Keputusan itu emosional karena Ander Herrera kembali setelah 15 tahun meninggalkan Zaragoza, menjalani dua periode bersama Athletic Club serta petualangan di Manchester United, Paris Saint-Germain, dan Boca Juniors. Perjalanan tersebut mengubahnya dari produk akademi lokal menjadi pemain berpengalaman di level tertinggi Eropa.
Ander Herrera Pulang untuk Menutup Lingkaran
Real Zaragoza mengonfirmasi Ander Herrera menandatangani kontrak satu musim untuk proyek di Primera Federación, dengan sasaran membawa klub secepat mungkin kembali ke sepak bola profesional. Klub menilai kepulangannya sebagai simbol rasa memiliki pada masa yang sangat menentukan bagi masa depan Zaragoza.
Resume Ander Herrera menunjukkan jarak antara status pribadinya dan level kompetisi yang kini dipilih, sebab ia pernah memenangi Liga Europa, Piala FA, serta gelar domestik. Ia pernah dilatih Jose Mourinho, Thomas Tuchel, Marcelo Bielsa, dan berbagi ruang ganti dengan Lionel Messi, Neymar, serta Wayne Rooney.
Di Manchester United, Ander Herrera mengoleksi Piala FA, Community Shield, Piala Liga, dan Liga Europa 2016-2017, sekaligus mencatat 20 gol serta 27 assist menurut Real Zaragoza. Setelah itu, ia membela PSG tiga musim dan meraih dua gelar liga Prancis serta sejumlah trofi domestik.
Perjalanan tersebut membuat keputusan bermain di kasta ketiga terasa tidak lazim, tetapi justru di situlah nilai utama kepulangan Ander Herrera terlihat. Ia tidak sedang mencari panggung terbesar, melainkan mencoba menggunakan pengalaman, kualitas, dan reputasinya untuk memperbaiki klub yang membentuk fondasi kariernya sejak usia muda.

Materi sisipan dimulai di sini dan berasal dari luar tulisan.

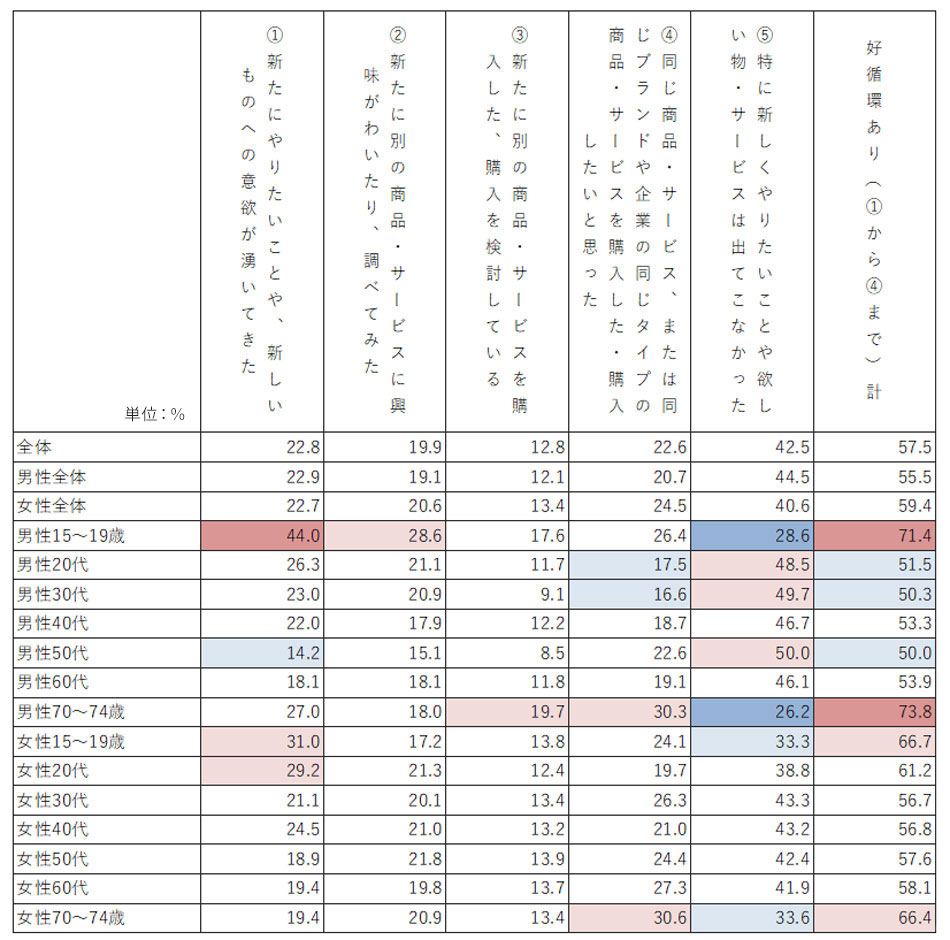 DDDでは、消費で心が前向きに動いたことで新たにやりたいことが出てきたり、別の商品サービスへの興味や検討、リピート購入の意向が高まったりすることを総じて「消費の好循環」と定義しています。実際、図表3を見ると、その好循環が起きた人のスコアは全体で57.5%をマークしており、心が動いた消費をした人のうちおよそ6割弱に好循環が起きていることがわかりました。
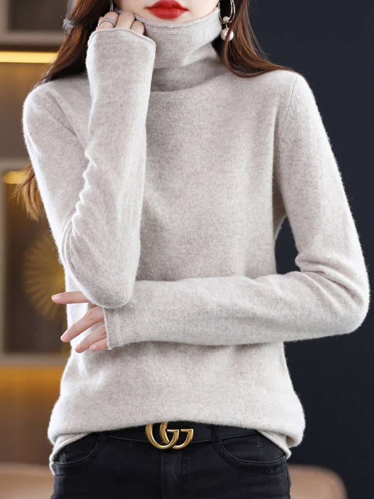 Women Autumn Pure Color Wool Turtleneck Sweater
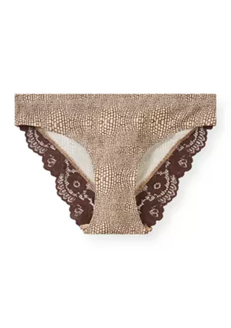 Lace detailing adds a hint of romance to these printed bikini-style panties from Parisian. Elastic waistband Tag-free Imported Belk Exclusive Material & Care Nylon, spandex Machine washable
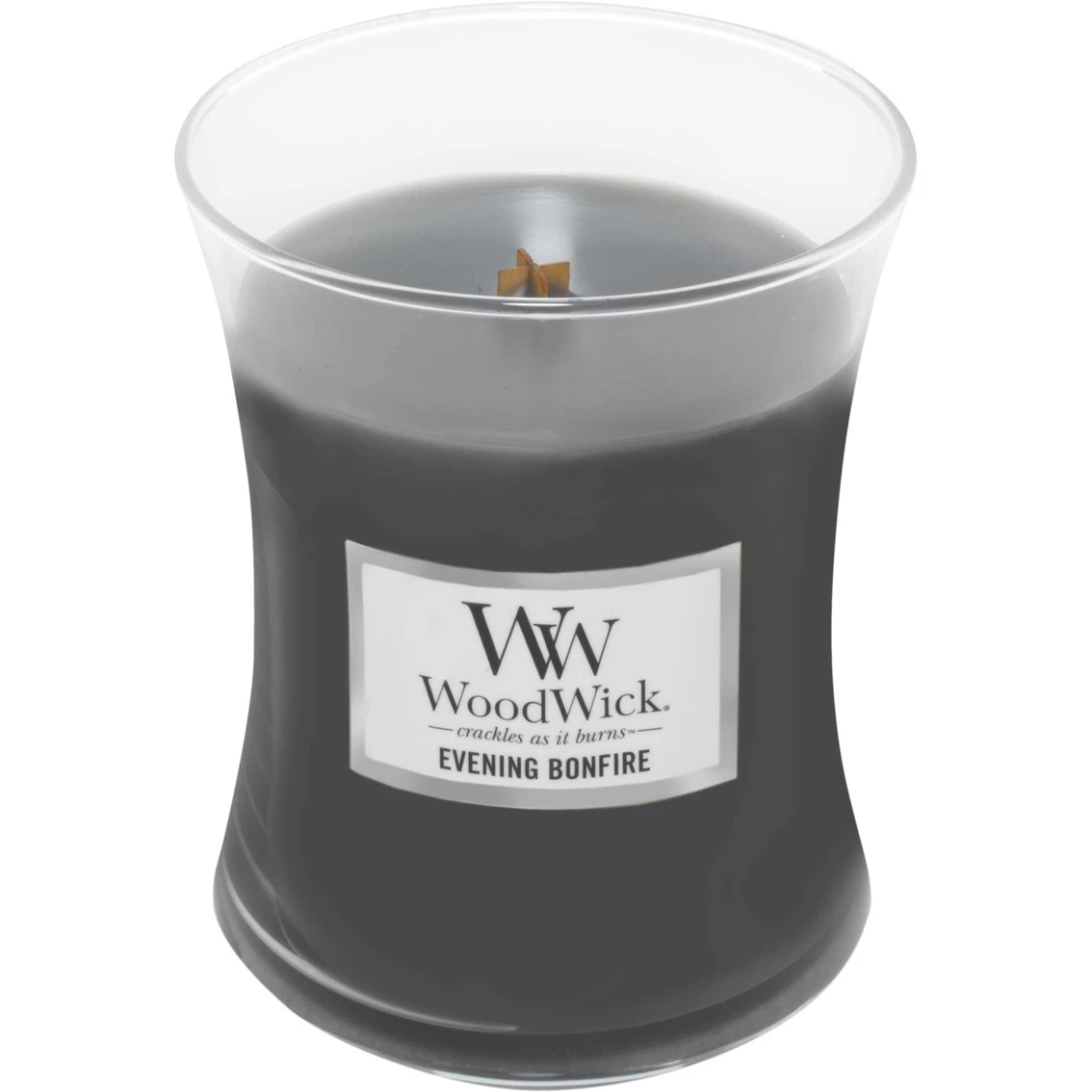 The Evening Bonfire Medium Hourglass WoodWick Candles fill your home with the soft crackle and inviting scents and a natural wooden wick that crackles as it burns. The soothing crackle of a WoodWick candle is created by a patented Pluswick Innovation technology, designed to ensure a safe and consistent crackle experience for faster fragrance and a better burn while scenting your home with the soothing sound of a crackling fire. Model: 92488.
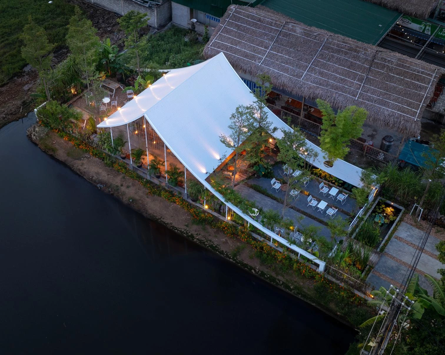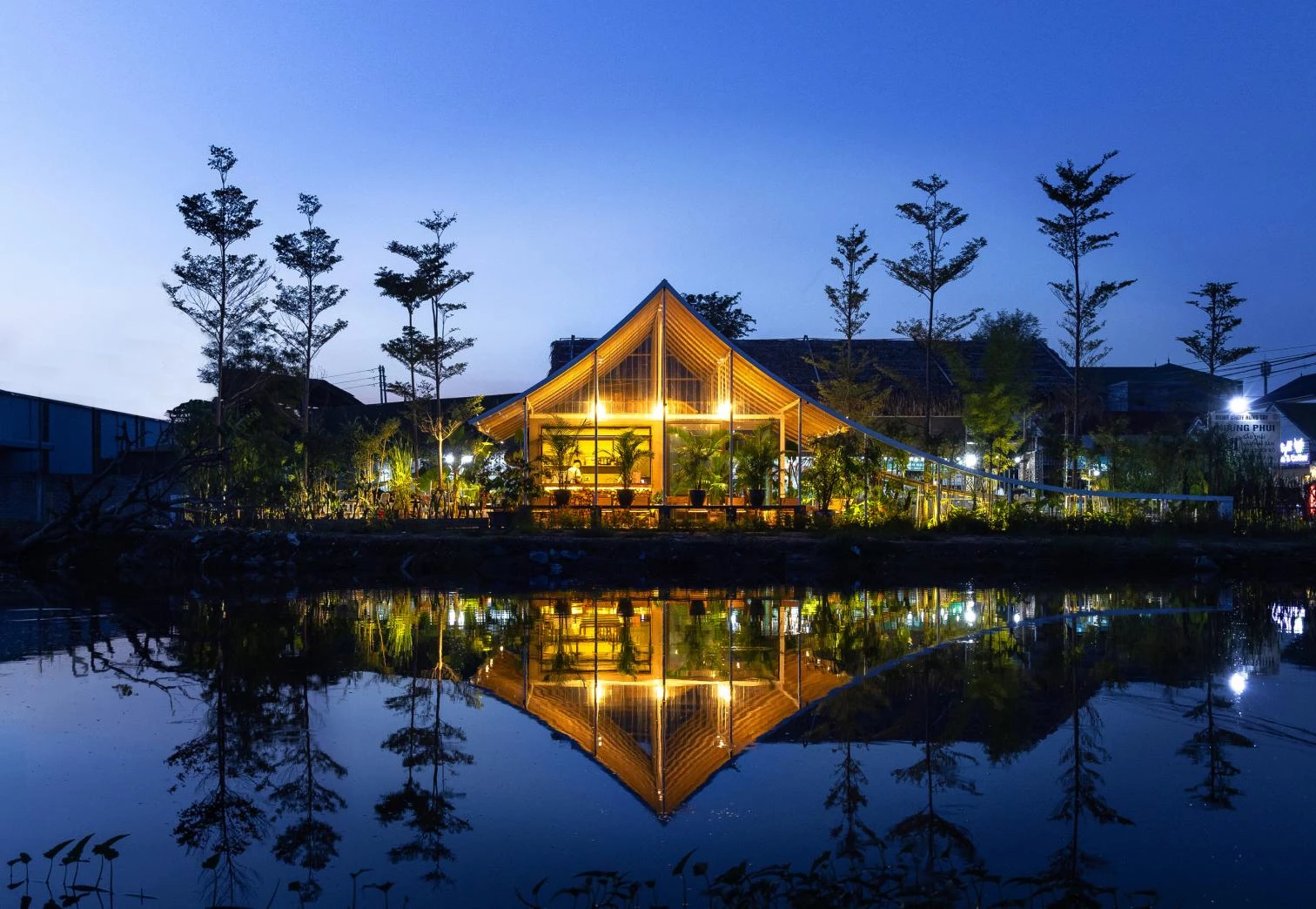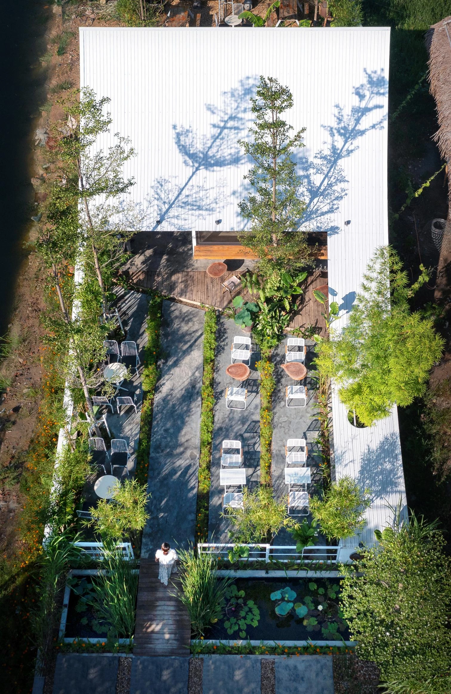 On the outskirts of Vinh city in Vietnam, next to the Vsip industrial park, stands this 160-square-meter café. The project was conditioned by a low budget and also by a 5-year land lease term, so the main materials were selected in accordance with their reusability after that period.
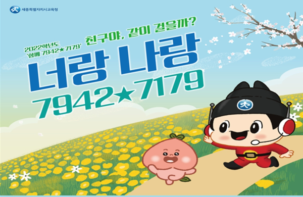 [충청뉴스 최형순 기자] 세종특별자치시교육청(교육감 최교진, 이하 세종시교육청)은 학생의 관계 역량 함양과 긍정적 교우관계 형성을 위해 2022학년도 학생 주도형 관계중심 생활교육 ‘함께 7942★7179’를 추진한다.
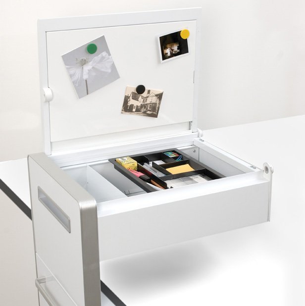 Przenośny kontener osobisty BITE. Idealny do przechowywania dokumentów i rzeczy osobistych, z łatwością przemieścisz go w dowolne miejsce. Wysokość 930 x szerokość 428 x głębokość 573 mm. Wersja prawa lub lewa, pokrywa na zawiasach może służyć jako tablica.
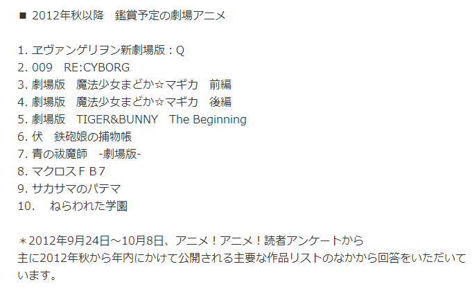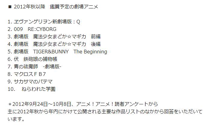 일본의 애니메이션 뉴스 사이트 [ 아니메 아니메 ] 에서 "2012년도 하반기에 개봉되는 애니메이션 영화 중에서 어

Real Zaragoza memiliki sejarah jauh lebih besar dibanding posisi mereka sekarang, termasuk kemenangan dramatis 2-1 atas Arsenal pada final Piala Winners 1995 di Parc des Princes. UEFA mencatat Nayim menentukan laga melalui lob sekitar 40 meter pada menit terakhir perpanjangan waktu.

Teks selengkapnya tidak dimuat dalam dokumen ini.